WORK ORDER
Look through the data below and output, unchanged, every line from the one holding "This adorable Personalised" through the one holding "2、下载Windows PE维护系统,这里以使用最新的微PE工具箱 v2.0", inclusive. Skip the pictures.

• • • • • • •

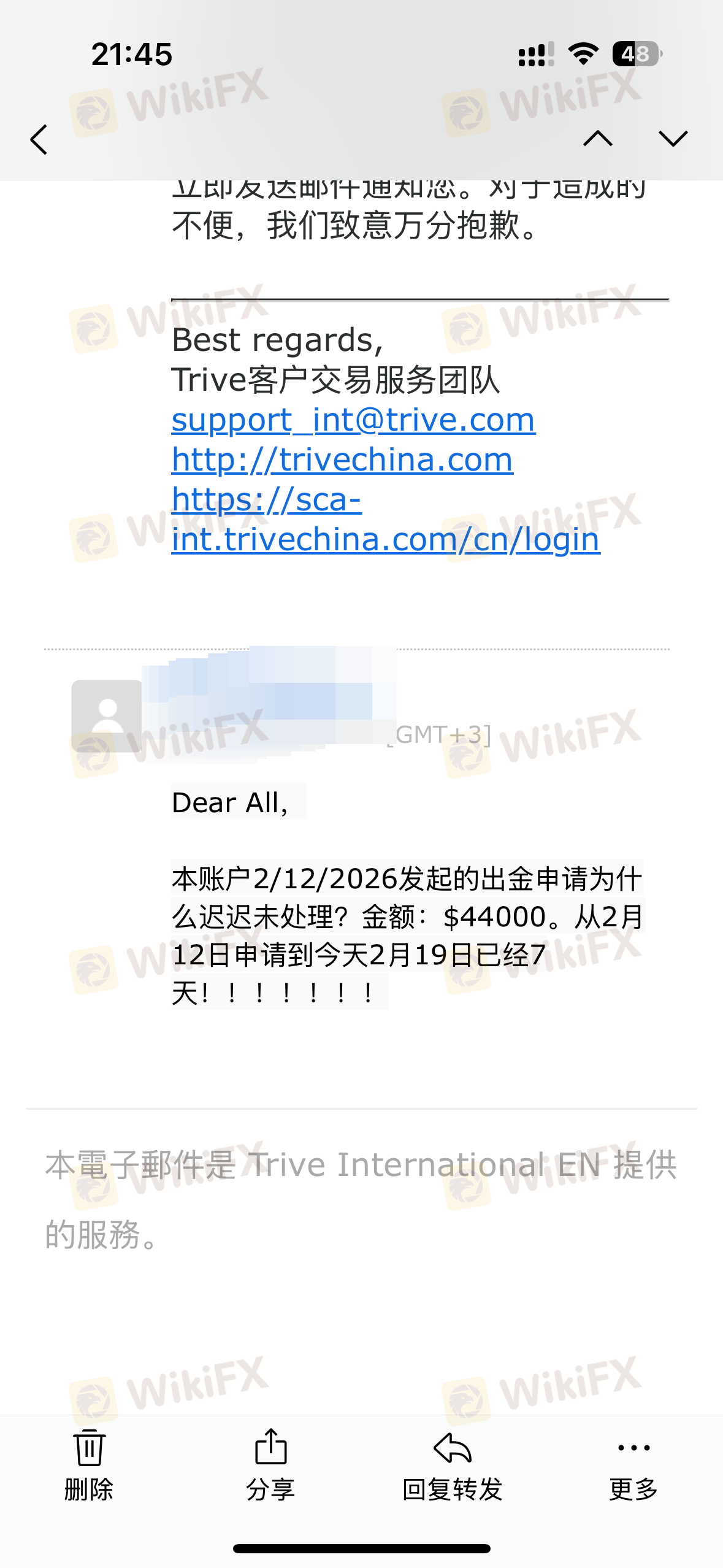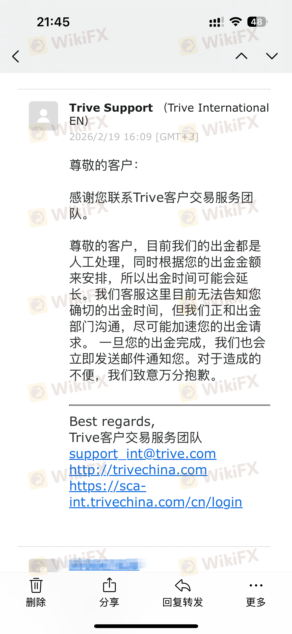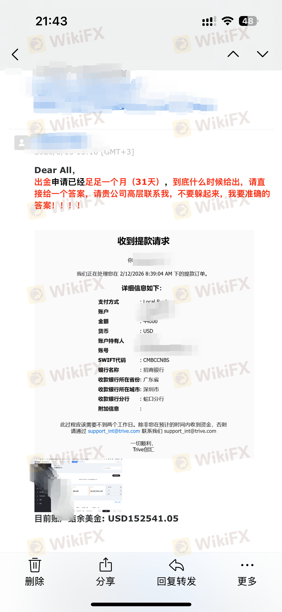 ในวันที่ 28 กันยายน TRIVE โอนเงินทั้งหมดในบัญชีของฉันจำนวน 2155 ดอลลาร์โดยไม่มีเหตุผลใด ๆ บัญชีตัวแทนของฉันก็ถูกโอนเงินจำนวน 373 ดอลลาร์เช่นกัน ตอนนี้ทั้งบัญชีเงินทุนและบัญชีตัวแทนของฉันมียอดเงินคงเหลือเป็น 0 ไม่มีการแจ้งเตือนใด ๆ ฉันไม่รู้ว่าพวกเขาหนีไปหรือเปล่า? ฉันต้องการให้ TRIVE คืนเงินทั้งหมดของฉัน ให้คำอธิบาย และขอโทษ! หมายเลขติดต่อ: 18937190669, อีเมล: 18937190669@189.CN
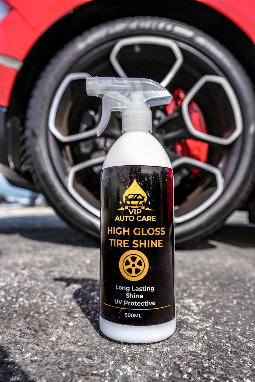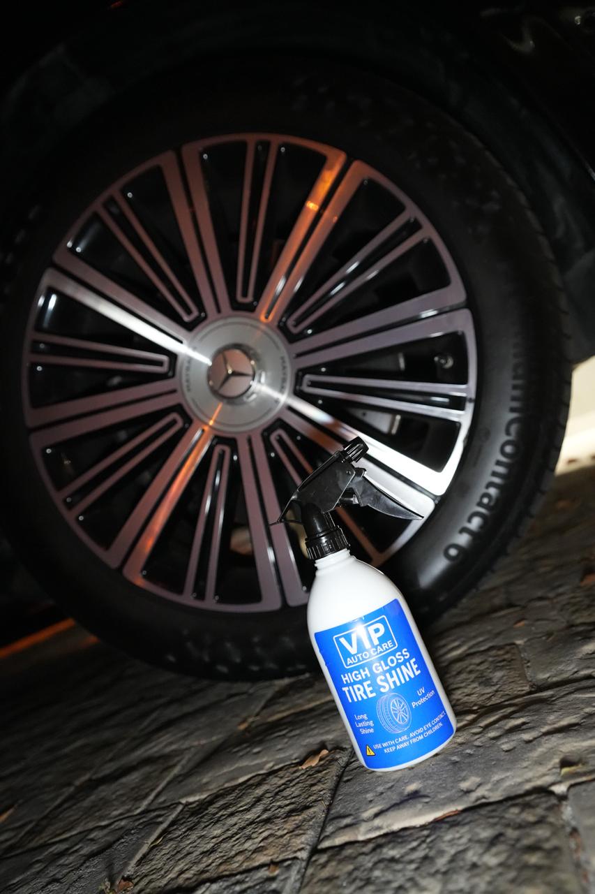 VIP High Gloss Tire Shine is a ready-to-use premium formula designed to deliver a deep, long-lasting shine to tires, rubber trims, and exterior moldings.
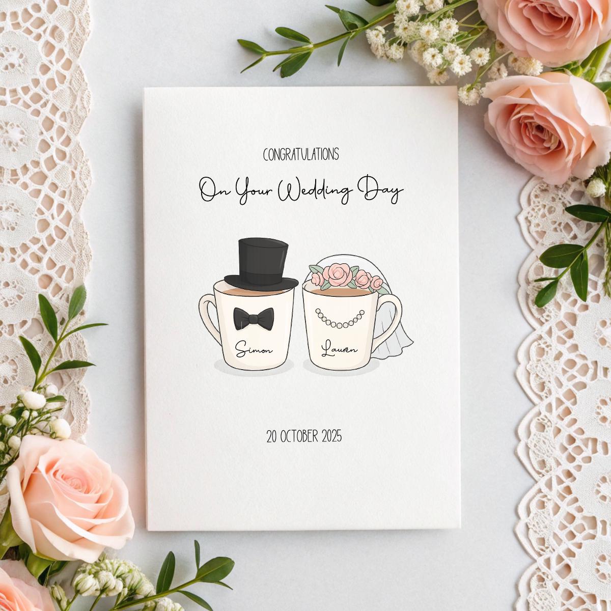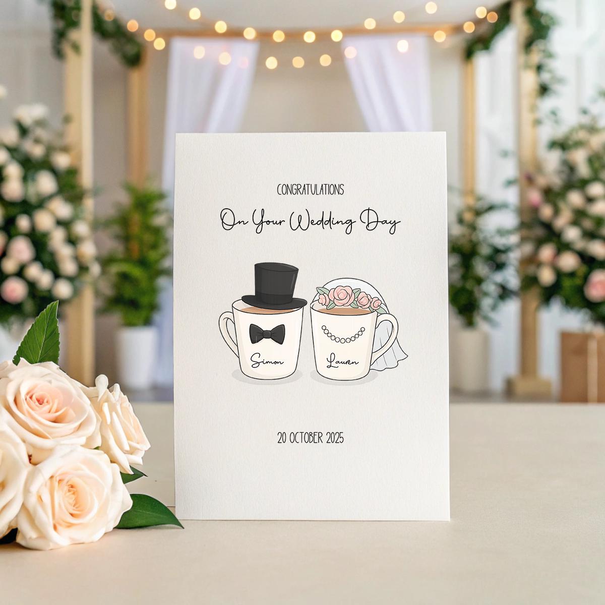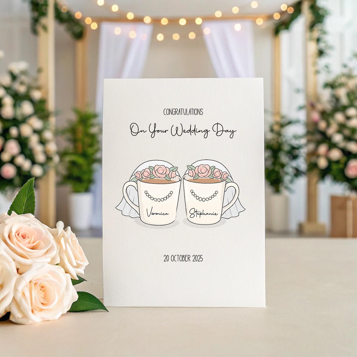 This adorable Personalised Wedding Day Card features two illustrated mugs styled as the happy couple — whether that's a bride & groom, two brides, or two grooms — making it a perfect fit for every kind of wedding celebration 💕
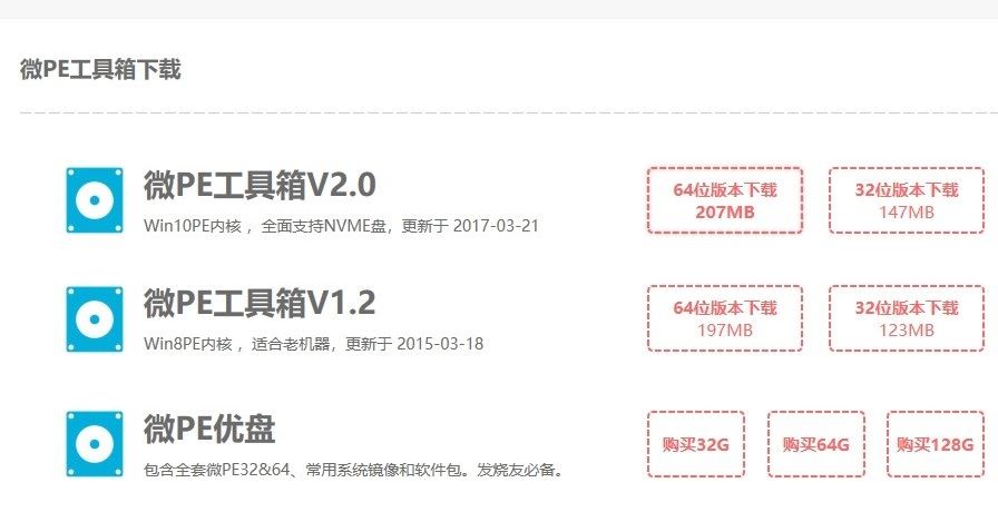 2、下载Windows PE维护系统,这里以使用最新的微PE工具箱 v2.0 64位版本为例,如果已经下载可跳过此步。建议选择WePE V2.0 64位版,它新增了对NVMe磁盘的支持。
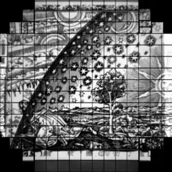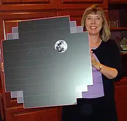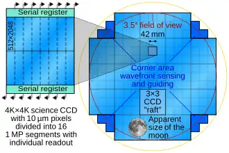 The camera focal plane is flat and 64 cm in diameter. The main imaging is performed by a mosaic of 189 CCD detectors, each with 16 megapixels.[47] They are grouped into a 5×5 grid of "rafts", where the central 21 rafts contain 3×3 imaging sensors, while the four corner rafts contain only three CCDs each, for guiding and focus control. The CCDs provide better than 0.2-arcsecond sampling, and will be cooled to approximately −100 °C (173 K) to help reduce noise.[48]

• • • • • • •

RESPONSE TO THE TASK
 This adorable Personalised Wedding Day Card features two illustrated mugs styled as the happy couple — whether that's a bride & groom, two brides, or two grooms — making it a perfect fit for every kind of wedding celebration 💕
 2、下载Windows PE维护系统,这里以使用最新的微PE工具箱 v2.0 64位版本为例,如果已经下载可跳过此步。建议选择WePE V2.0 64位版,它新增了对NVMe磁盘的支持。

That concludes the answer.